(REQUIRED WORK): The copy should begin at the line containing "distance | |" and end at the last line of the material. Please reproduce those lines exactly and keep pictures out.

+ + +

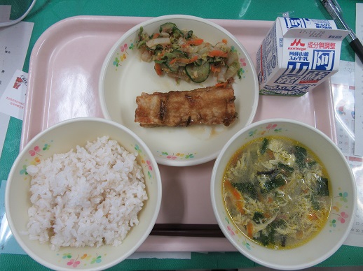 麦ごはん 牛乳 にらたま汁 太刀魚のねぎソース 野菜のおかか和え
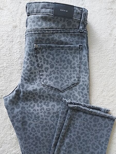 Нові джинси, без бірки. Колір- сірий леопард. Довжина по зовнішньому шву - 99 см, по внутр.шву - 77 см; ПОТ 36 см, ПОБ 44 см, ширина знизу 14 см, посадка спереду - 24 см, ззаду - 28 см. Склад: 53% бавовна, 45% поліестер, 2% спандекс.
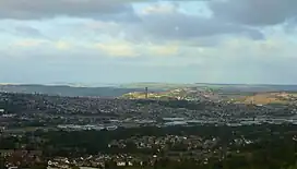 ![]() An image looking north eastwards across Bradford and Bradford Dale. The dale extends across the middle foreground from left to right (where the warehouses are) and then changes direction to go back to the left around Manningham Mills (the very tall chimney in the middle). The steep sides of Airedale are the hillsides in the distance | |
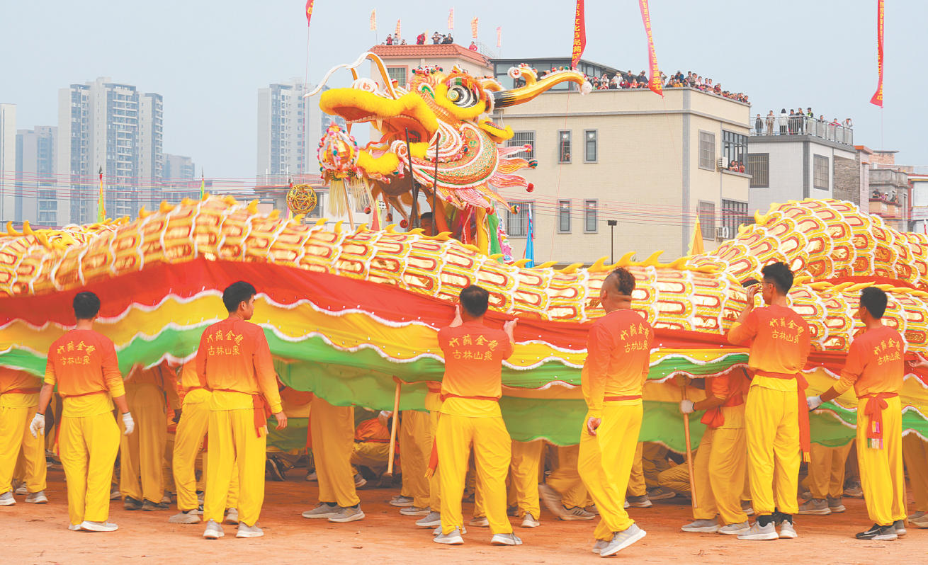 在2025年竹蓢第五屆金龍文化節(jié)現(xiàn)場,一條百米長金龍全身金鱗閃閃,璀璨耀目。 陳佩筠 攝
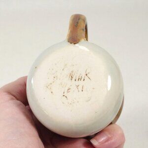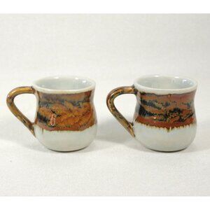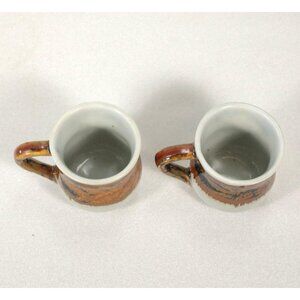 They are approximately 2 1/2 inches tall and 2 1/2 inches wide, not counting the handles. They have a very clean interior with no staining. There are no chips, cracks, or crazing. There may be the odd glaze pop or miss, or surface scratch. Please see all the photos.
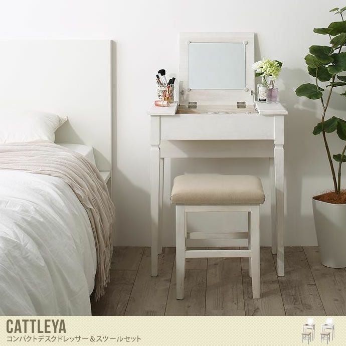 ついお友達に自慢したくなる素敵なドレッサー♪cattleya(カトレア)、コンパクトサイズのデスクドレッサーとスツールがセットになっています。ポイントは収納スぺース!メイク道具もスキンケア品もまとめてしまえるので整理整頓にとっても便利♪サッと手に取れる利便性が嬉しいですね~ミラーは顔全体が写る大きさなので毎日のメイクもうまくできそうです。開閉式で使わない時は扉を閉めるとデスクに早変わり!スツールは座り心地が良く、愛らしくてキュートです。この機会にぜひ!!
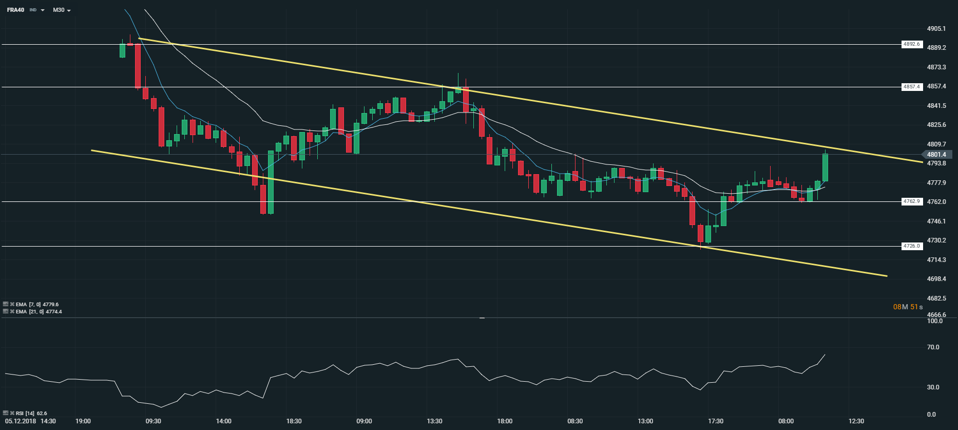 Représentation technique du CAC 40 (FRA40), en unité de temps 30 minutes (M30)
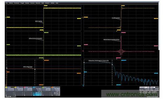 圖1:先將快速邊沿測試信號加到濾波器的輸入端(左上),然后用濾波器輸出(右上曲線)對它進(jìn)行微分(右中),最后求FFT的平均值(下右),就可以得到濾波器的頻率響應(yīng)。左下邊曲線中的頻譜展示了微分過的階躍輸入信號的頻率平坦度。

+ + +

(RESULT OF THE EXERCISE):
 ![]() An image looking north eastwards across Bradford and Bradford Dale. The dale extends across the middle foreground from left to right (where the warehouses are) and then changes direction to go back to the left around Manningham Mills (the very tall chimney in the middle). The steep sides of Airedale are the hillsides in the distance | |
 在2025年竹蓢第五屆金龍文化節(jié)現(xiàn)場,一條百米長金龍全身金鱗閃閃,璀璨耀目。 陳佩筠 攝
 They are approximately 2 1/2 inches tall and 2 1/2 inches wide, not counting the handles. They have a very clean interior with no staining. There are no chips, cracks, or crazing. There may be the odd glaze pop or miss, or surface scratch. Please see all the photos.
 ついお友達に自慢したくなる素敵なドレッサー♪cattleya(カトレア)、コンパクトサイズのデスクドレッサーとスツールがセットになっています。ポイントは収納スぺース!メイク道具もスキンケア品もまとめてしまえるので整理整頓にとっても便利♪サッと手に取れる利便性が嬉しいですね~ミラーは顔全体が写る大きさなので毎日のメイクもうまくできそうです。開閉式で使わない時は扉を閉めるとデスクに早変わり!スツールは座り心地が良く、愛らしくてキュートです。この機会にぜひ!!
 Représentation technique du CAC 40 (FRA40), en unité de temps 30 minutes (M30)
 圖1:先將快速邊沿測試信號加到濾波器的輸入端(左上),然后用濾波器輸出(右上曲線)對它進(jìn)行微分(右中),最后求FFT的平均值(下右),就可以得到濾波器的頻率響應(yīng)。左下邊曲線中的頻譜展示了微分過的階躍輸入信號的頻率平坦度。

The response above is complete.